• [To do]
If a line holds the word "with", copy it from the entries.

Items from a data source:
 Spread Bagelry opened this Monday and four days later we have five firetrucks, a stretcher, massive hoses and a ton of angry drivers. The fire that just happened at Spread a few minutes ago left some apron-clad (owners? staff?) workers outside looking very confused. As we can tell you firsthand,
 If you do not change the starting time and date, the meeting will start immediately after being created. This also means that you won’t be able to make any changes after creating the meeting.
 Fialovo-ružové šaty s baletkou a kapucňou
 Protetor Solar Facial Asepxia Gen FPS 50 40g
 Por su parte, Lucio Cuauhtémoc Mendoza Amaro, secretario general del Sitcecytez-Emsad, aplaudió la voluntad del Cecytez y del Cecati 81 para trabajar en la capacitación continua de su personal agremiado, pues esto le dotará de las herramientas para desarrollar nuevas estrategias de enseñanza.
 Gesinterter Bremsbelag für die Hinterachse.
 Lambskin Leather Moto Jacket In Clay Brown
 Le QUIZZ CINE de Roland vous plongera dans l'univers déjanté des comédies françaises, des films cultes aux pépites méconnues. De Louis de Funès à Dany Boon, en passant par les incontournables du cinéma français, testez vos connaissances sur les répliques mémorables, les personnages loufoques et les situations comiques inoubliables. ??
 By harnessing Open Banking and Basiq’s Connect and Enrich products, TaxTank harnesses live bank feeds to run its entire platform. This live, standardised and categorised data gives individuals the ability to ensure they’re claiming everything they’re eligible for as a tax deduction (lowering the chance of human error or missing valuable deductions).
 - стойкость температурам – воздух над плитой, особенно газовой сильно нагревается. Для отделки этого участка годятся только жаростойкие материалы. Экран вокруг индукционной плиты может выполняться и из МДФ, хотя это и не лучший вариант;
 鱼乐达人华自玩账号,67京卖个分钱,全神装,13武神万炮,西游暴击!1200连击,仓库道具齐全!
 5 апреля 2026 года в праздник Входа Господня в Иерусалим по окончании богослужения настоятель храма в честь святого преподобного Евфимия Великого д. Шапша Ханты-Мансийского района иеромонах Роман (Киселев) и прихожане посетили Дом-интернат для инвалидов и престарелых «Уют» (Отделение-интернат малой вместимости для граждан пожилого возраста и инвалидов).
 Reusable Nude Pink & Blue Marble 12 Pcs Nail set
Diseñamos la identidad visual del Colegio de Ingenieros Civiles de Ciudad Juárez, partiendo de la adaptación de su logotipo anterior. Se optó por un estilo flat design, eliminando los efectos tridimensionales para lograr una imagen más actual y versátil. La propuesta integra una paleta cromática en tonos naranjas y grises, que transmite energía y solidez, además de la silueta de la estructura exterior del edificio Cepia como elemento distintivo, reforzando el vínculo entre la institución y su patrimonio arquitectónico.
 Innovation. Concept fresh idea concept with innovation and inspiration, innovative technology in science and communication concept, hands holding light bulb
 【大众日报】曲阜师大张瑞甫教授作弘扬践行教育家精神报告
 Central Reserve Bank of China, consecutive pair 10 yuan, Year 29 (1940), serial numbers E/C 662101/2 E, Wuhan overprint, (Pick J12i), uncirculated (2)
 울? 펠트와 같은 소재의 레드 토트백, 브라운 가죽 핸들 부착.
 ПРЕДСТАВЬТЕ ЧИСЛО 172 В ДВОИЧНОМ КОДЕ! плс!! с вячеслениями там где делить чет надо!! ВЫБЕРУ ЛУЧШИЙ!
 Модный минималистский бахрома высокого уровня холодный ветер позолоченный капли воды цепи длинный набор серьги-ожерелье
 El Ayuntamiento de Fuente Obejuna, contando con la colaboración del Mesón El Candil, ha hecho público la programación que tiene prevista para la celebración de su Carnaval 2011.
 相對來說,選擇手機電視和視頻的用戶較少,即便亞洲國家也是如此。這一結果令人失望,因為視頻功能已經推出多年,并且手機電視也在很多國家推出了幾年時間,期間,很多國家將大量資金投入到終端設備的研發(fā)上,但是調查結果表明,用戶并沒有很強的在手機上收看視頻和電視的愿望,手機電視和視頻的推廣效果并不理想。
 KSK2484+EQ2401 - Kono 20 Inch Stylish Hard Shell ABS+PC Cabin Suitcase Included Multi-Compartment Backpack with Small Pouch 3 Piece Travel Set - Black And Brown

• [Solution for this task]
 Innovation. Concept fresh idea concept with innovation and inspiration, innovative technology in science and communication concept, hands holding light bulb
 KSK2484+EQ2401 - Kono 20 Inch Stylish Hard Shell ABS+PC Cabin Suitcase Included Multi-Compartment Backpack with Small Pouch 3 Piece Travel Set - Black And Brown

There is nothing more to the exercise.